Publication-Ready Figure Export
"Export this figure for the journal" -> Save the plot so each part of it survives production: vector structure stays crisp, the dense data layer stays a reasonable file size, text stays editable, and color survives the print conversion.
- Python:
fig.savefig('fig.pdf', dpi=600) with publication rcParams set
- R:
ggsave('fig.pdf', width=89, units='mm', device=cairo_pdf)
The Load-Bearing Idea: A Figure Is Four Layers
A publication figure is not one object; it is four superimposed layers, and export means giving each the representation it needs:
- Vector structure - axes, ticks, spines, gridlines, fit lines, error bars, annotations. Resolution-independent; must stay vector so the typesetter can scale it to 89 mm without pixelation.
- Raster data layer - the dense part: a scatter with 10^5-10^7 points, a heatmap, a micrograph. Drawing a million points as a million vector circles makes a hundreds-of-MB PDF that crashes Illustrator. This layer wants to be pixels.

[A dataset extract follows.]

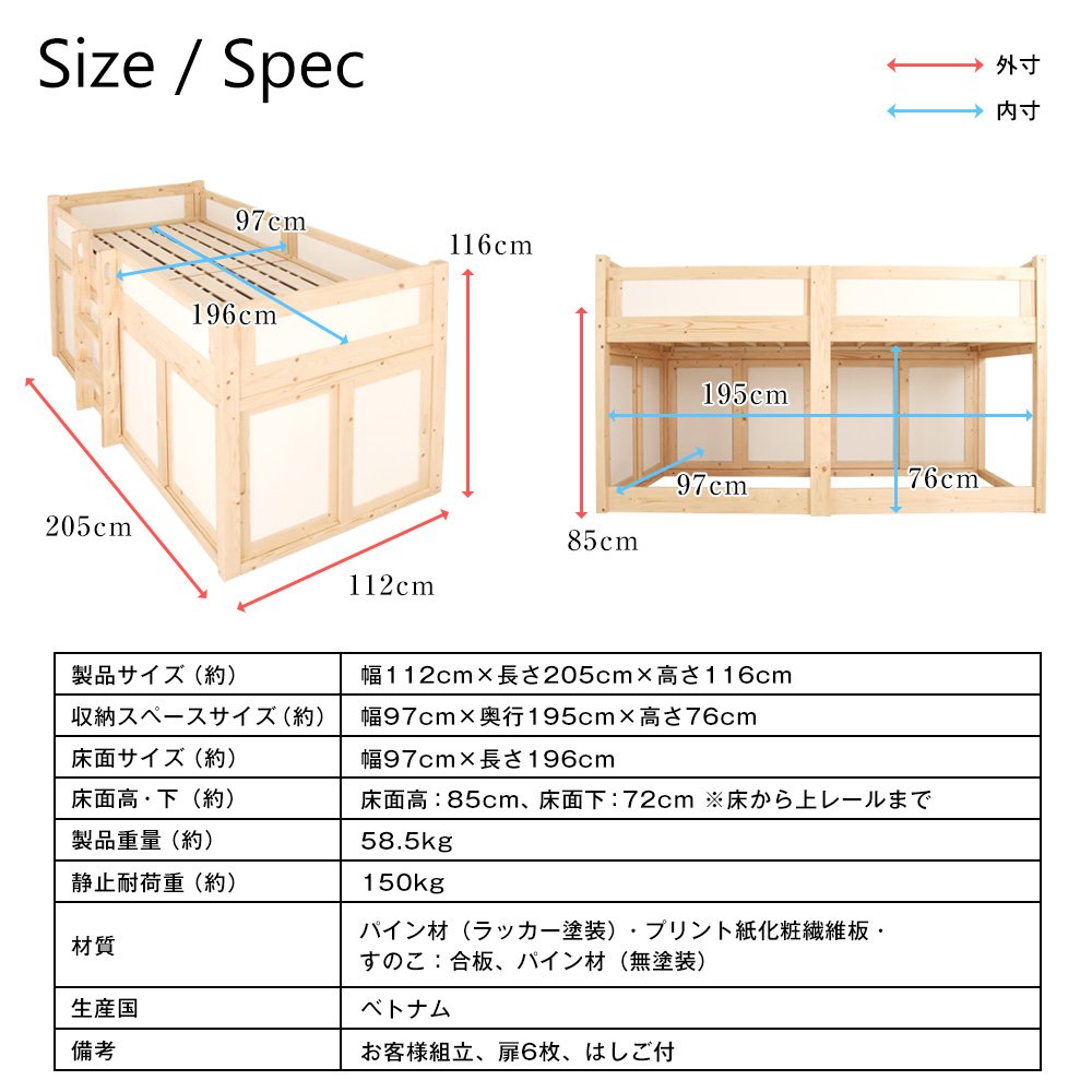 ぼくの・わたしの専用秘密基地。収納物が隠せる扉付コンパクトハイベッド。
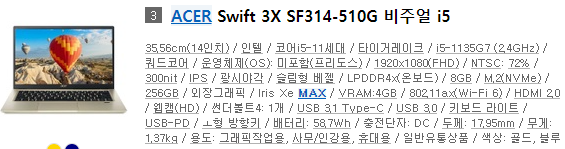 ACER Swift 3X SF314-510G 비주얼 i5 : 구매링크

- Type - every glyph. Editors need it to stay selectable text, not flattened paths or pixels baked into the raster.
- Color encoding - the data-to-color mapping. A scientific choice (perceptual uniformity, color-vision-deficiency safety, grayscale survival) that also interacts with the RGB->CMYK conversion the journal performs without asking.
The expert move is the hybrid figure: rasterize only layer 2, keep layers 1 and 3 vector, embed editable fonts, and pick a colormap that survives CMYK and grayscale. Everything below serves that.
A reproducibility framing: a figure is a pure function of (data, code, theme, font availability). If any of those is unpinned, the figure is not reproducible.
The Hybrid Figure (rasterize only the dense layer)
The single most important export skill for single-cell (UMAP/tSNE) and GWAS (Manhattan) figures. A fully-vector million-point scatter is unopenable and gets rejected by the typesetter's RIP; rasterizing just the data layer keeps file size sane while axes and text stay crisp at any zoom.
import matplotlib.pyplot as plt
fig, ax = plt.subplots(figsize=(3.5, 3.0))
ax.scatter(x, y, s=2, rasterized=True, zorder=0)
ax.plot(xfit, yfit, color='black', zorder=2)
ax.set_xlabel('UMAP1')
fig.savefig('fig.pdf', dpi=600)
In a vector container, savefig(dpi=...) sets the resolution of the embedded raster patch and does nothing to the vector parts. ax.set_rasterization_zorder(0) rasterizes every artist below a z-order cleanly. In R use ggrastr::rasterise(geom_point(size=0.3), dpi=600) (wraps any geom since 0.2.0), keeping theme_* vector.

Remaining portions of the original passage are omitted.